(Collected data)

# # # # # # #

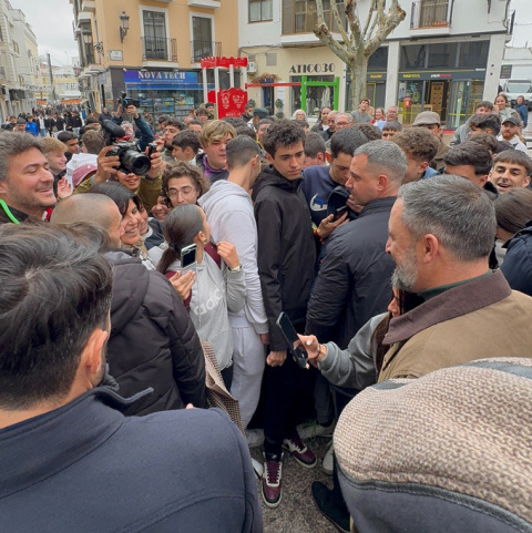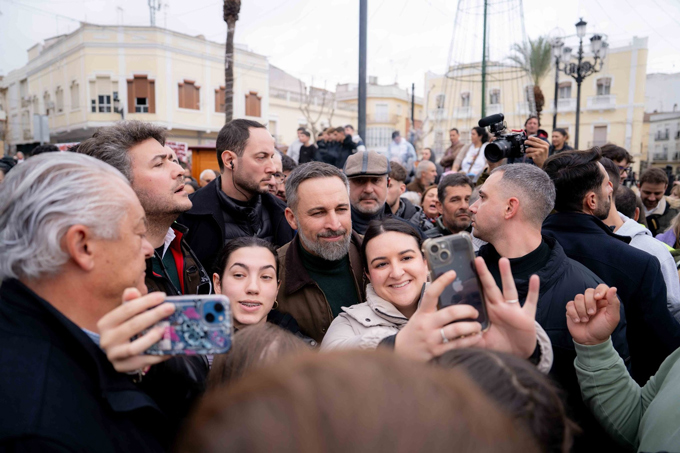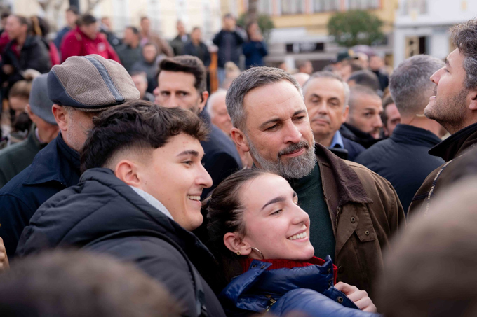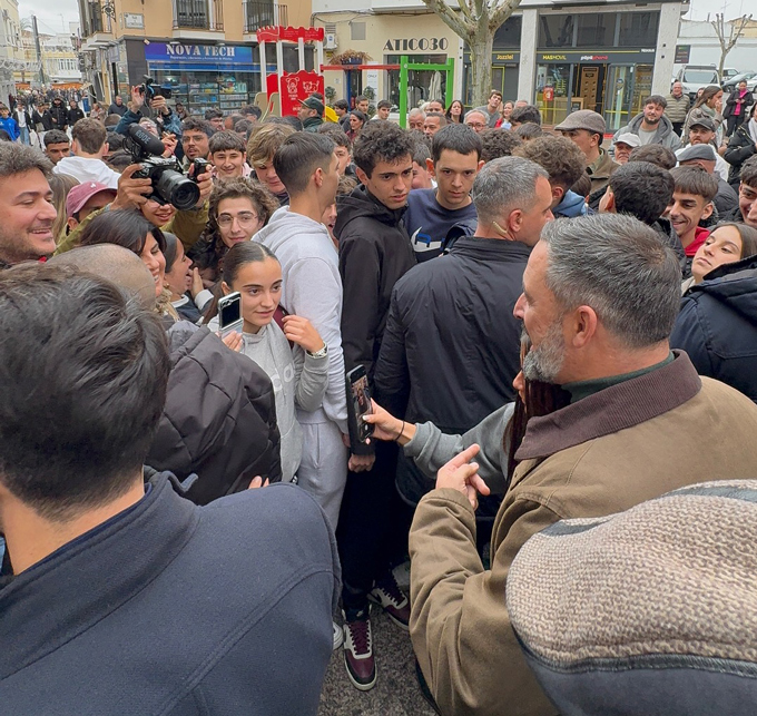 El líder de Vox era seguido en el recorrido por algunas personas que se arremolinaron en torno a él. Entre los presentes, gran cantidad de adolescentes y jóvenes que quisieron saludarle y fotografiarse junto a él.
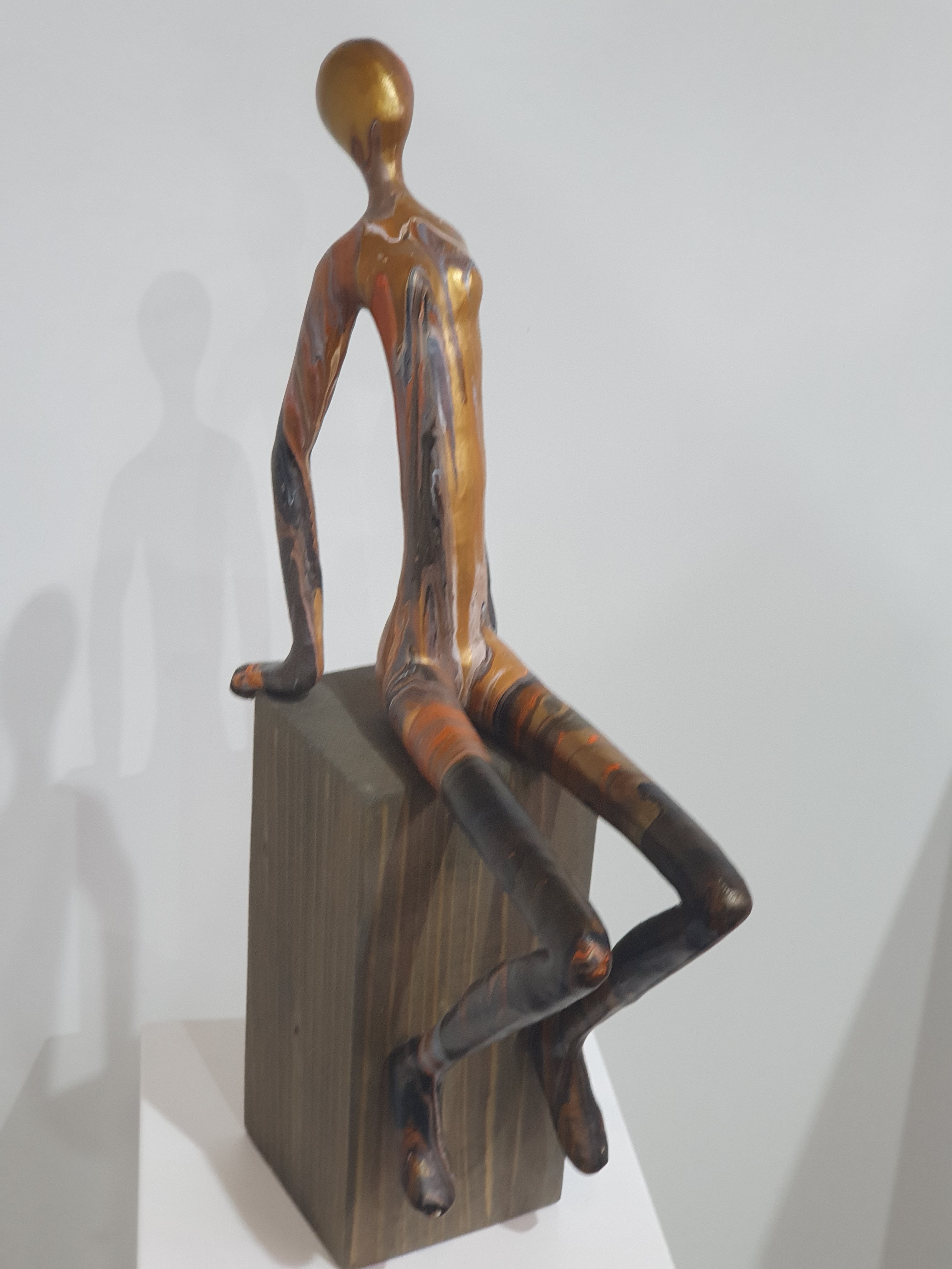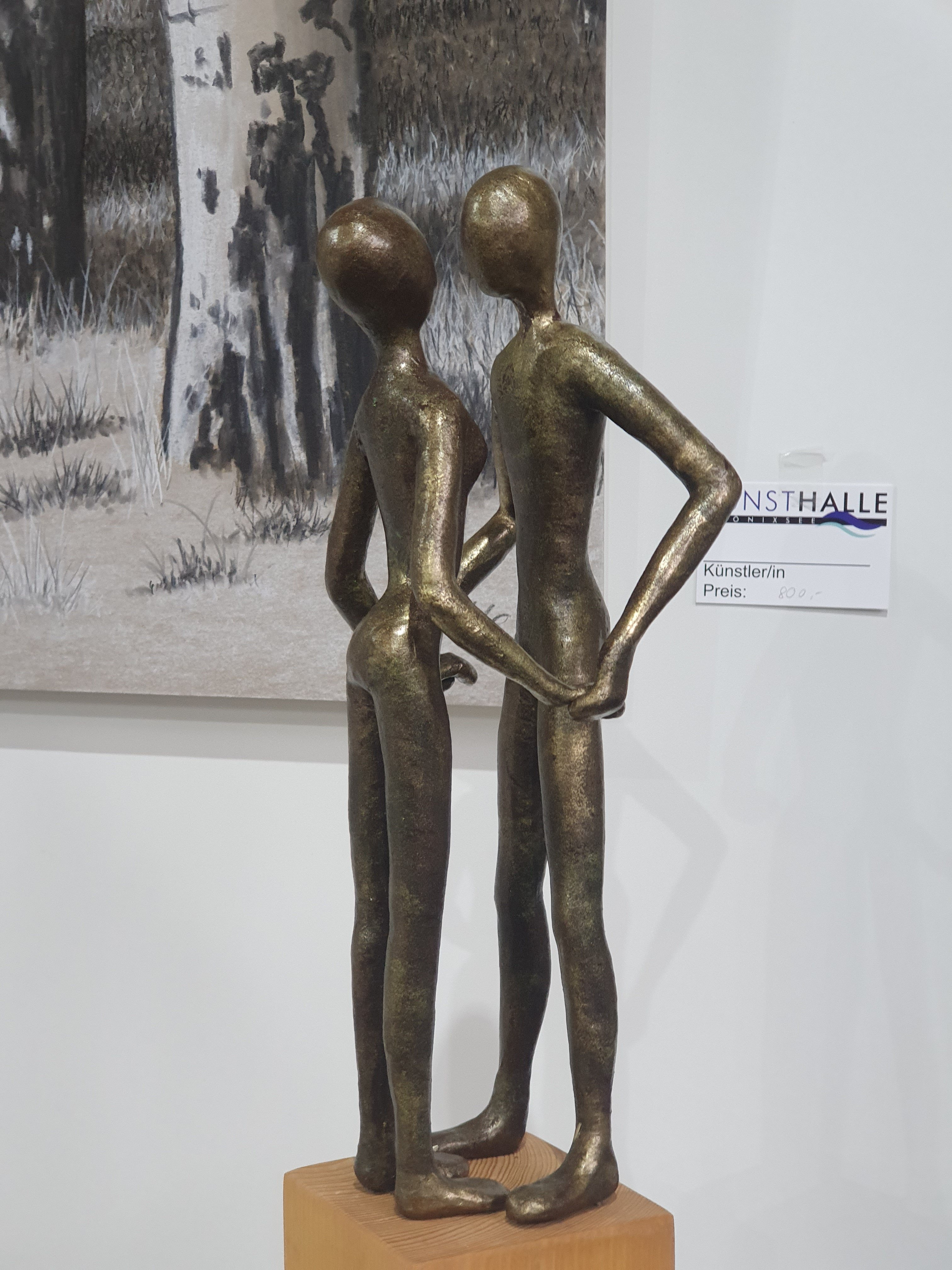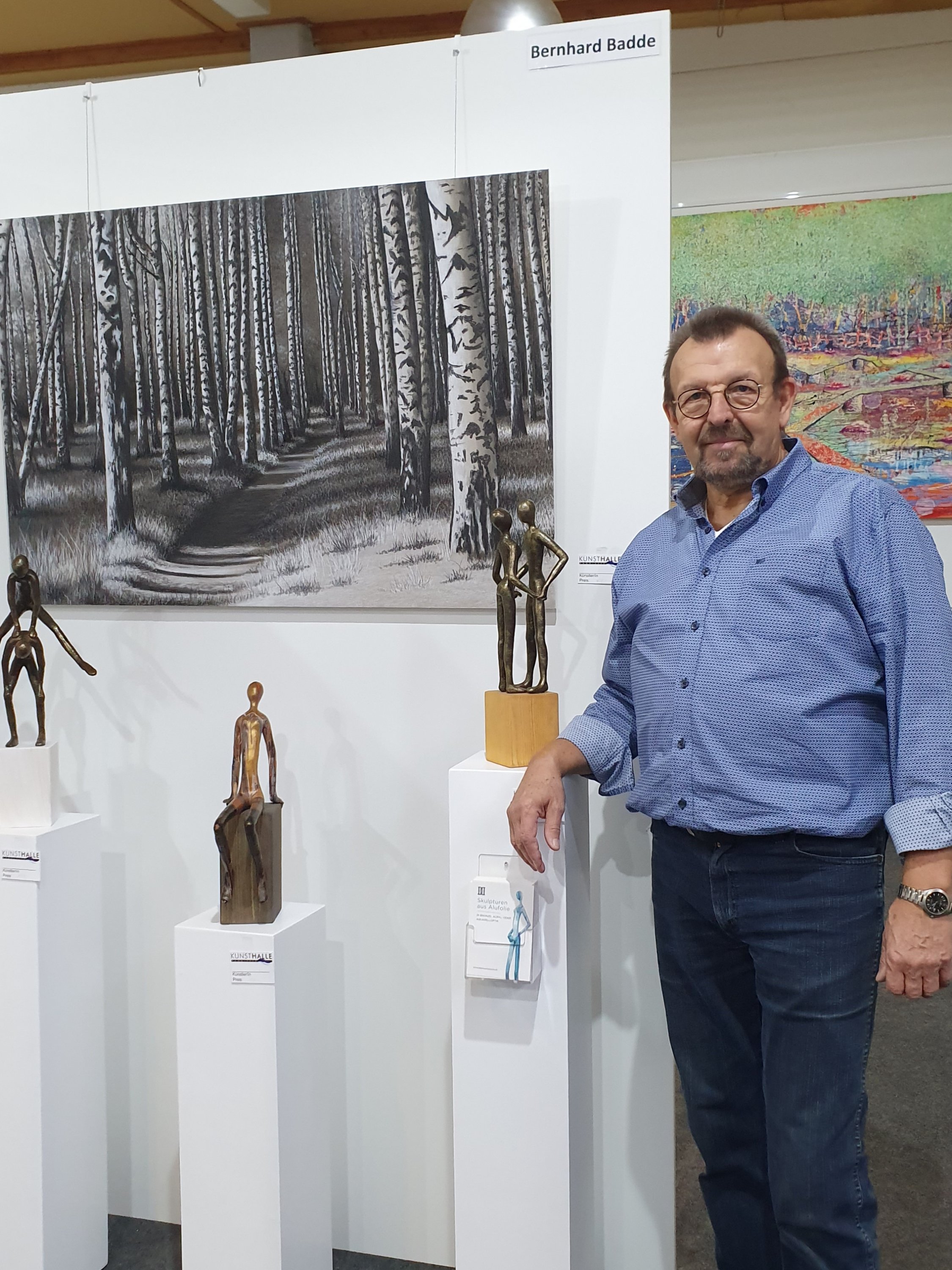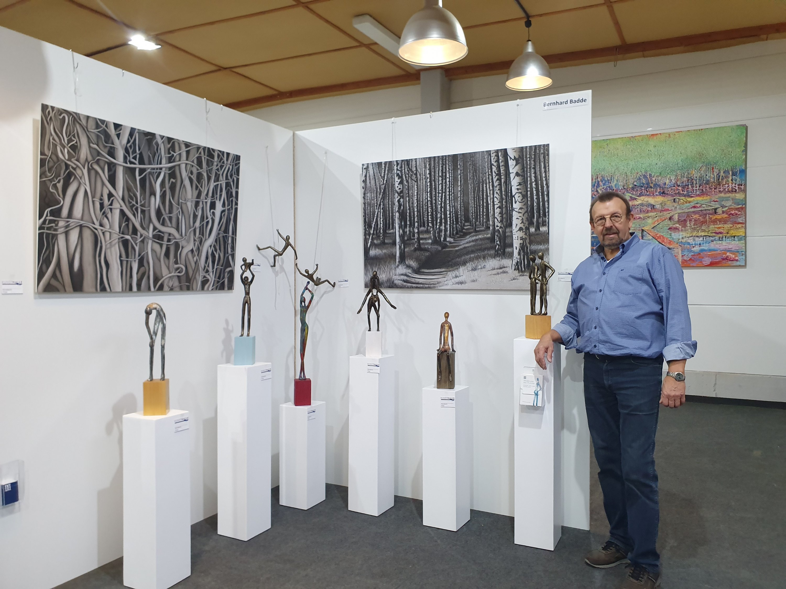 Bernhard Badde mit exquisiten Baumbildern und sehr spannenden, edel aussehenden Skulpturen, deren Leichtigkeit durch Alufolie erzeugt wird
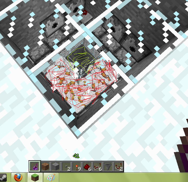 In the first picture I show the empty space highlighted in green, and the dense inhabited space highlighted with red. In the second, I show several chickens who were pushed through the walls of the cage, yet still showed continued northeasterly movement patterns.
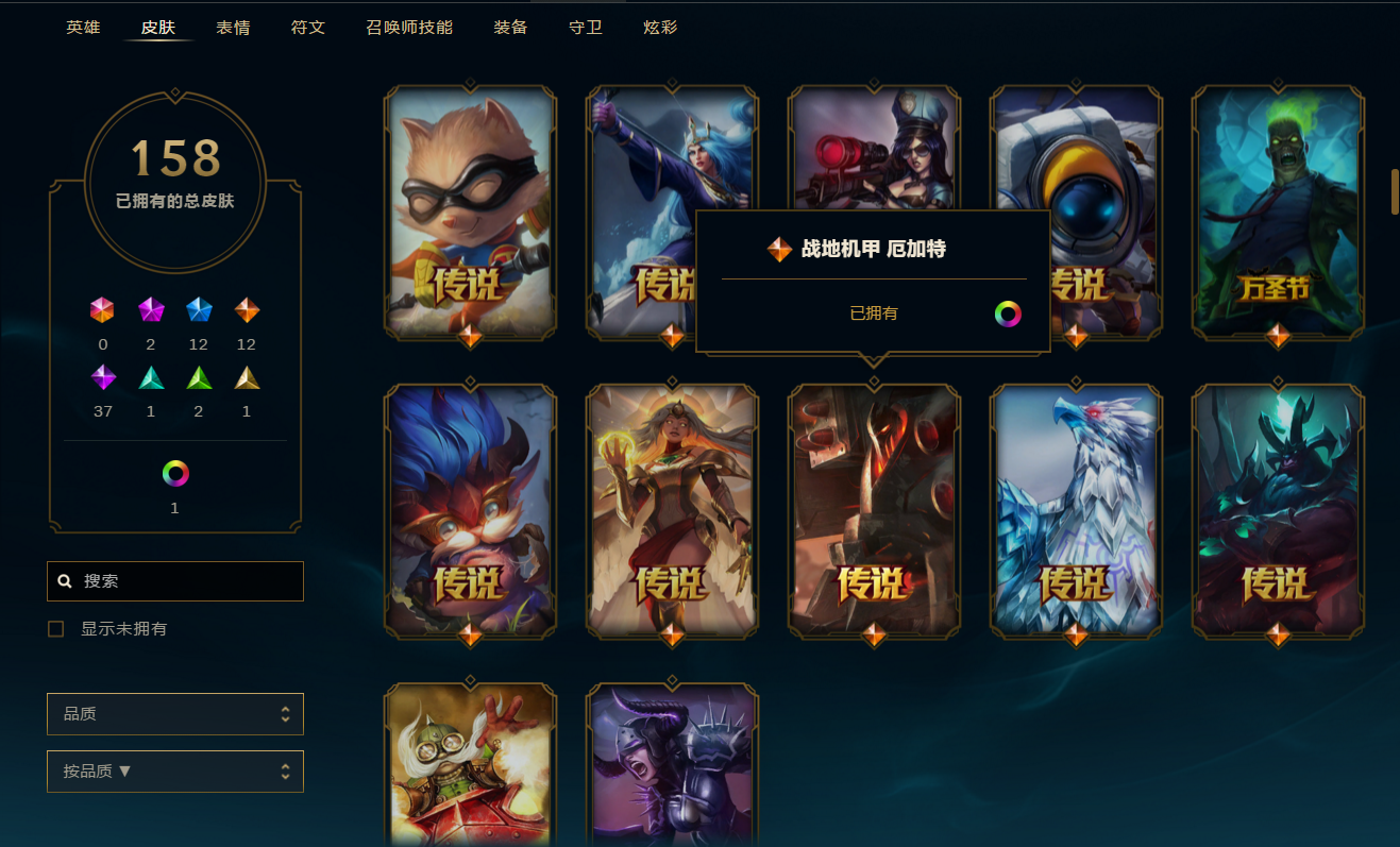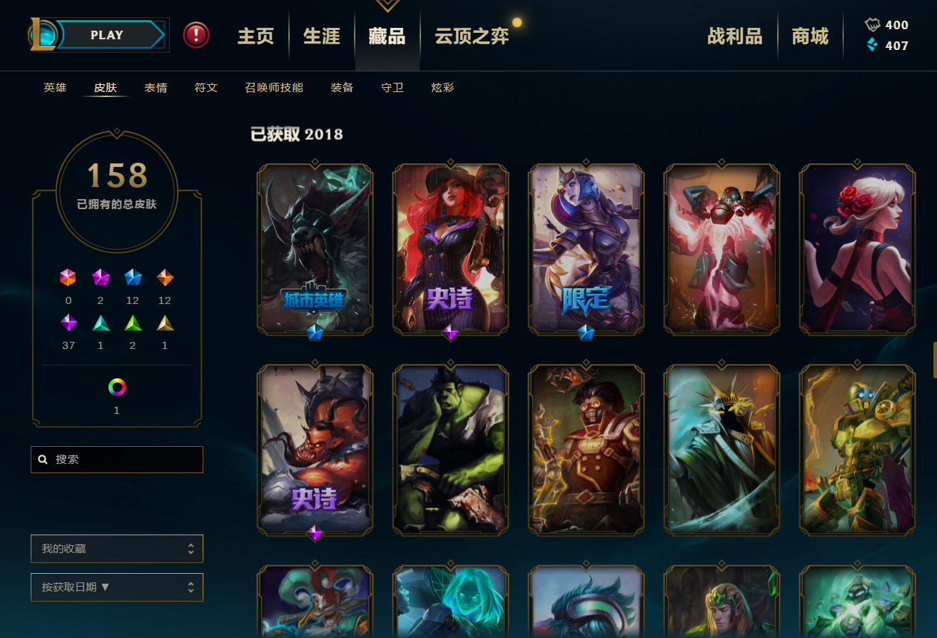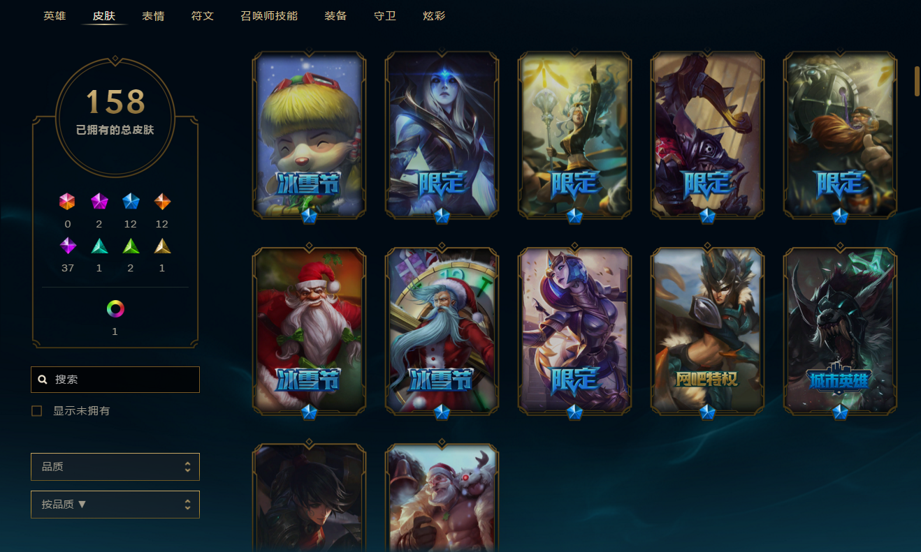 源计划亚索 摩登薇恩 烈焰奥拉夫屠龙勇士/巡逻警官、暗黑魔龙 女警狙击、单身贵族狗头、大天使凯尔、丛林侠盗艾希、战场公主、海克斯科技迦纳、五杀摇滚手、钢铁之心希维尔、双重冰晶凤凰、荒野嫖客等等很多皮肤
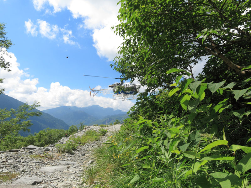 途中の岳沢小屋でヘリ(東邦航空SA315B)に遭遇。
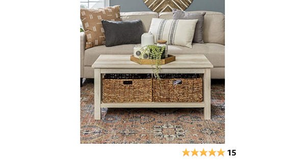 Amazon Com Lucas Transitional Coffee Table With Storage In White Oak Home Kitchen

# # # # # # #

_Exercise brief_
Restate the lines of the records exactly, starting at the first and stopping after the line with "In the first". Leave out any picture.

_Reply_
 El líder de Vox era seguido en el recorrido por algunas personas que se arremolinaron en torno a él. Entre los presentes, gran cantidad de adolescentes y jóvenes que quisieron saludarle y fotografiarse junto a él.
 Bernhard Badde mit exquisiten Baumbildern und sehr spannenden, edel aussehenden Skulpturen, deren Leichtigkeit durch Alufolie erzeugt wird
 In the first picture I show the empty space highlighted in green, and the dense inhabited space highlighted with red. In the second, I show several chickens who were pushed through the walls of the cage, yet still showed continued northeasterly movement patterns.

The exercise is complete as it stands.